** Your instructions **
Take the line containing "Alman İmparatoru Wilhelm´in" and every line below it through the end of the entries, and output them verbatim, pictures excluded.

-------- Materials provided

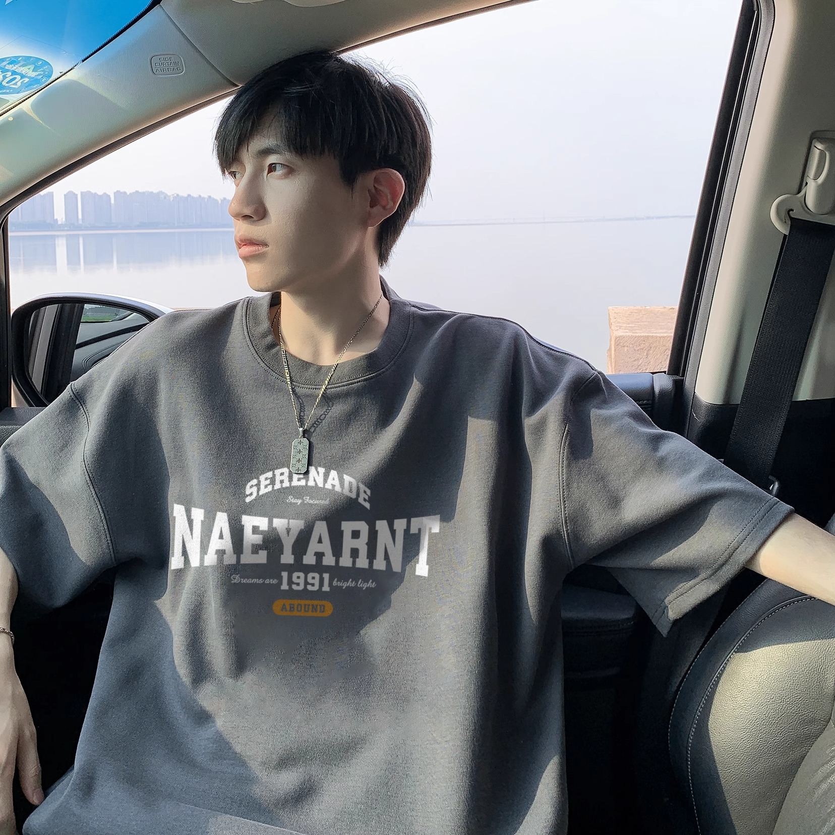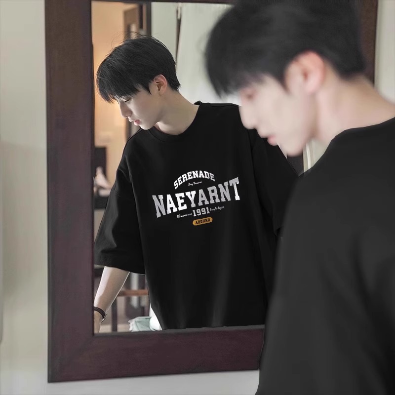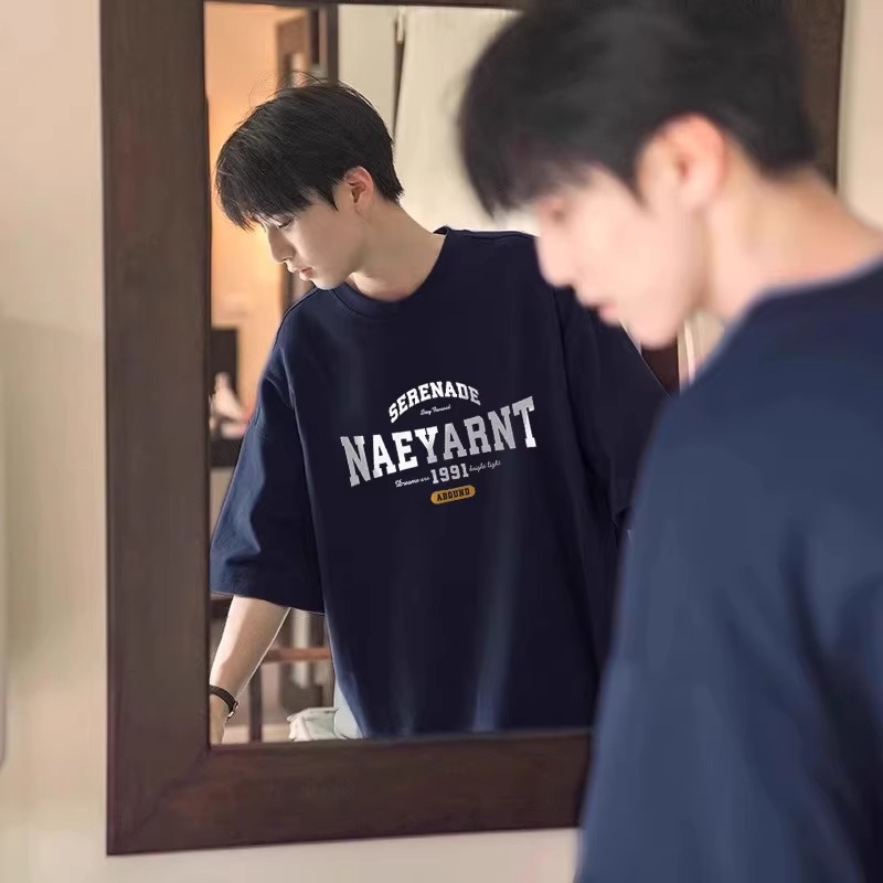 100 퓨어 코튼 봄과 여름 코스트사이즈 느슨한 느슨한 반소매 티셔츠 남성용 레트로 홍콩 스타일 Ins Letter 반팔 티셔츠 새로운 도착 느슨한 반소매스토어 가기
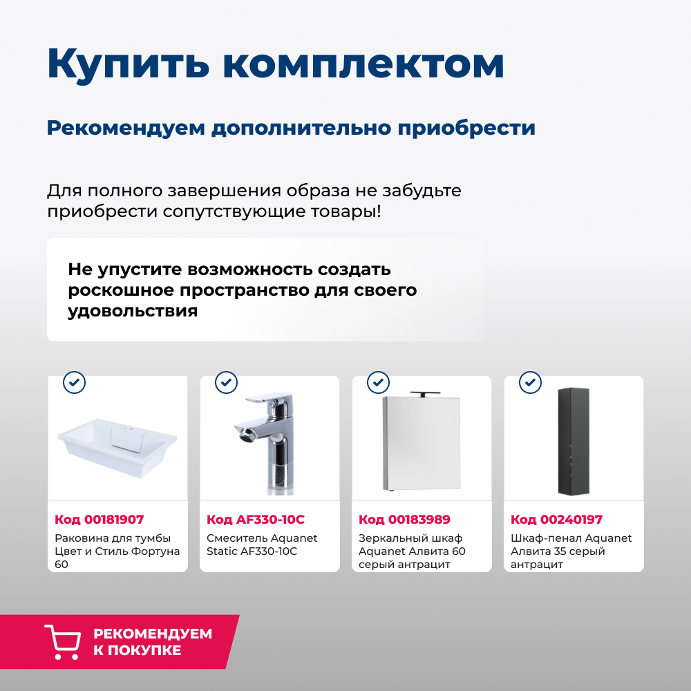 Тумба под раковину Aquanet Алвита 60 серый антрацит
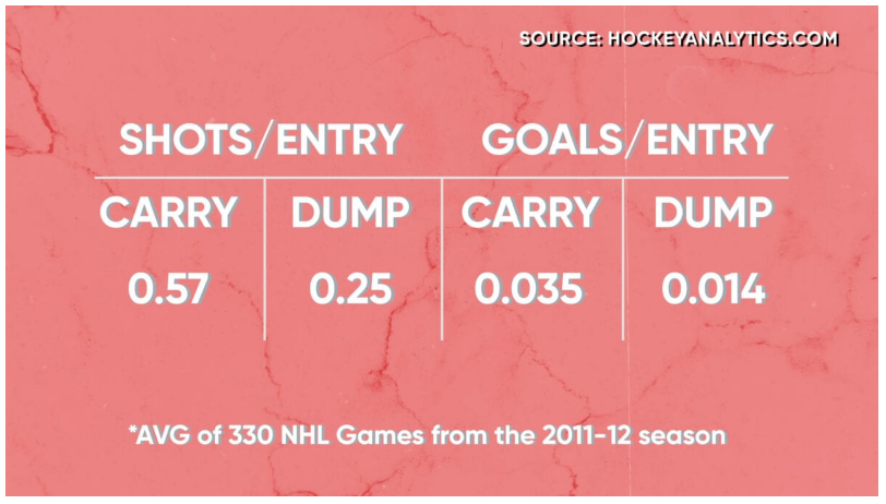 В этой статье мы постарались учесть все переменные данного вопроса и проанализировать каждую из двух возможностей: должна ли моя команда входить в зону соперника через вброс шайбы, или попытаться войти в зону контролируя её?
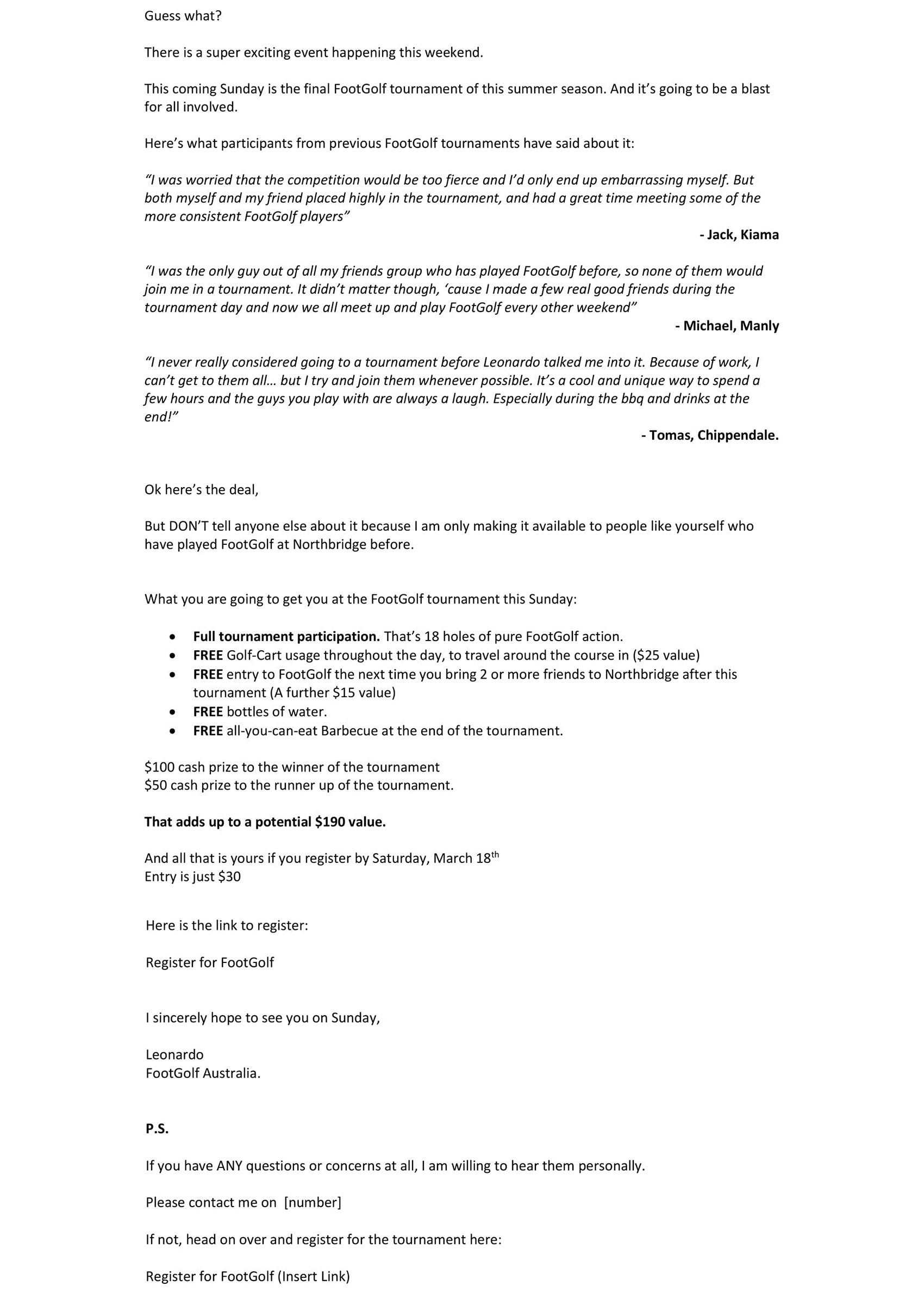 Long Form Soft Selling FootGolf Email – [SAMPLE Zachery Vellis]
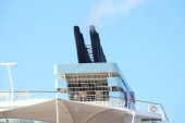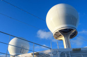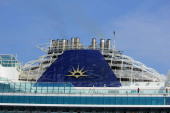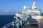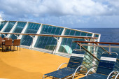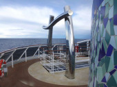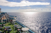 Ocean Atlantycki, Brilliance of the Seas-kwi 2017: ściana wspinaczkowa na górnym pokładzie statku wycieczkowego przeciwko błękitne niebo z chmur
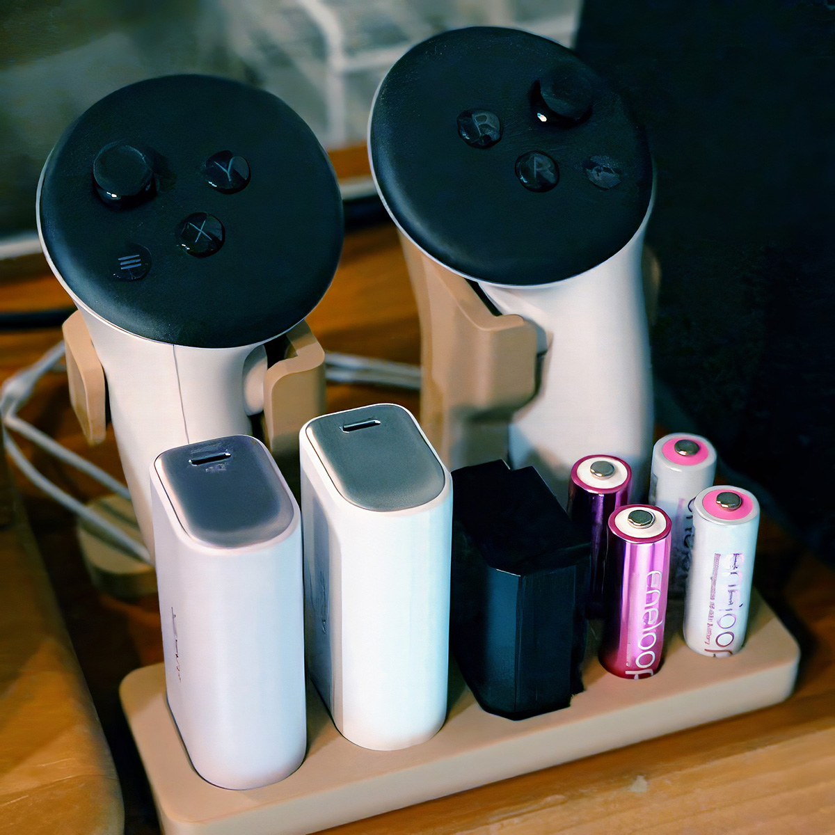 単三 eneloop、ソニーのカメラバッテリー(NP-FZ100)、Anker 621 Power Bank、Meta Quest 3 コントローラを立てるスタンド
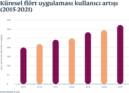 Bu rakam, küresel istatistiklere 2021 yılında flört uygulamalarına kayıtlı 300 milyondan fazla kişi olarak yansıyor.
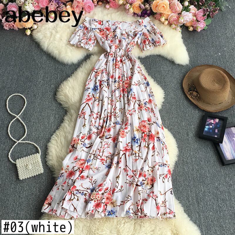2021年夏の女性気質スラッシュネックフレアスリーブドレスハイウエストフローラルプリントミドル丈Aラインプリーツドレス ハイウェスト サマー 夏物 花柄
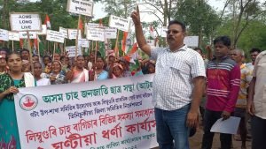 হাতেহাতে বেনাৰ, প্লেকাৰ্ড লৈ প্ৰতিবাদকাৰীসকলে তেওঁলোকৰ দাবীৰ সমৰ্থনত বিভিন্ন শ্ল’গান দি পৰিৱেশ উত্তাল কৰি তোলে । উল্লেখ্য যে এপ্ৰিল মাহৰ পৰা প্ৰাকৃতিক গেছৰ অভাৱনীয় মূল্যবৃদ্ধিয়ে অশনি সংকেত কঢ়িয়াই আনিছে ৰাজ্যৰ চাহ উদ্যোগলৈ । লিম্বুগুৰি চাহ বাগিছাৰ ফেক্টৰী বৰ্তমান গেছৰ মূল্যবৃদ্ধিৰ ফলত বন্ধ কৰি ৰাখিবলগীয়া হৈছে । ইয়াৰ কুফল ভোগ কৰিছে বাগিছাৰ শ্রমিক ৰাইজে । ৰাজ্যৰ ৮০ শতাংশ চাহ উদ্যোগেই প্ৰাকৃতিক গেছৰ ওপৰত নিৰ্ভৰশীল । মাথোঁ ২০ শতাংশইহে ব্যৱহাৰ কৰে কয়লা বা আন বিকল্প ইন্ধন । এনে পৰিস্থিতিত ভয়ংকৰ বিপৰ্যয় নামি আহিছে ৰাজ্যৰ চাহ উদ্যোগলৈ । বহু বাগিছাই উৎপাদন হ্ৰাস কৰিবলৈ বাধ্য হোৱাৰ বিপৰীতে লিম্বুগুৰি চাহ বাগিছাৰ দৰে বাগিছাই ফেক্টৰী বন্ধ কৰিবলগীয়া হৈছে । এ চি এম এছৰ কেন্দ্ৰীয় উপ-সভাপতি তথা পানীতোলা শাখাৰ সম্পাদকৰ দায়িত্বত থকা চাবুৱা প্ৰাক্তন বিধায়ক ৰাজু চাহুৱে এক বিবৃতিত ক্ষোভ প্ৰকাশ কৰি কয় যে বিজেপি চৰকাৰৰ আমোলত উন্নয়নৰ নামত বনিয়া গোষ্ঠীৰ স্বাৰ্থত চাহ শ্ৰমিকৰ অধিকাৰ খৰ্ব কৰা হৈছে । চাহ বাগিছা সম্পর্কে জ্ঞান নথকা ব্যক্তিৰ হাতত চাহ উদ্যোগটো পৰি চাহ পাতৰ মান নিম্নগামী হৈছে । শেহতীয়াকৈ প্ৰাকৃতিক গেছৰ মূল্যবৃদ্ধিয়ে চাহ উদ্যোগটোৰ ওপৰত মাধমাৰ শোধাইছে । এনেদৰে ধাৰাবাহিক বিপৰ্য্যয়ৰ সন্মুখীন হৈ থাকিলে চাহ উদ্যোগটো অসমৰ পৰা নিঃশেষ হৈ যাবলৈ বেছিপৰ নেলাগে বুলি চাহুৱে কয় ।
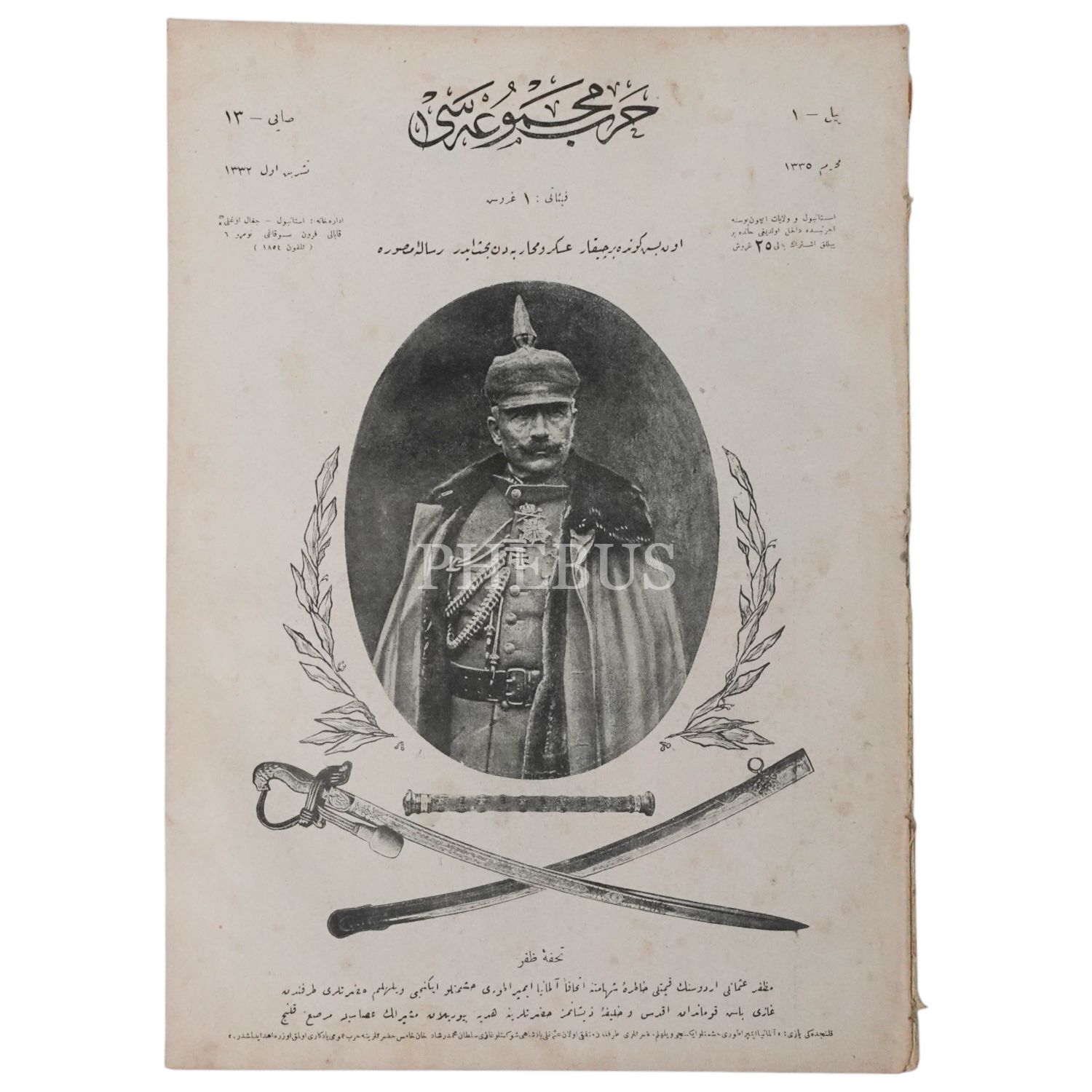 Alman İmparatoru Wilhelm´in fotoğrafına kapağında yer veren HARB MECMUASI´nın Muharrem 1335 tarihli 13. sayısı, 25x35 cm...
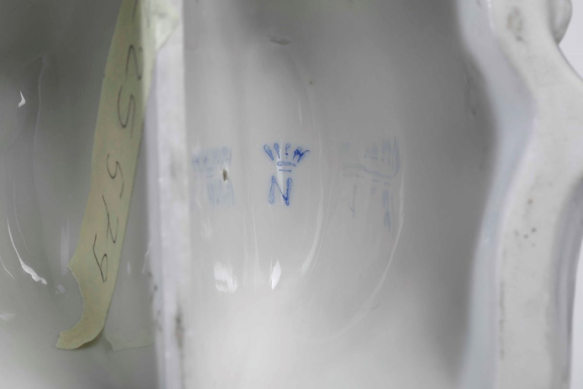 Porcellana policroma e dorata. Marca: “N” con corona in blu. Altezza cm 50 circa. Conservazione: buona; figura femminile con sbeccature e rotture all’estremità superiore del vaso e ad una treccia; figura maschile in ottimo stato; entrambe con minime sbeccature alla vegetazione

----------------

** Task response **
 Alman İmparatoru Wilhelm´in fotoğrafına kapağında yer veren HARB MECMUASI´nın Muharrem 1335 tarihli 13. sayısı, 25x35 cm...
 Porcellana policroma e dorata. Marca: “N” con corona in blu. Altezza cm 50 circa. Conservazione: buona; figura femminile con sbeccature e rotture all’estremità superiore del vaso e ad una treccia; figura maschile in ottimo stato; entrambe con minime sbeccature alla vegetazione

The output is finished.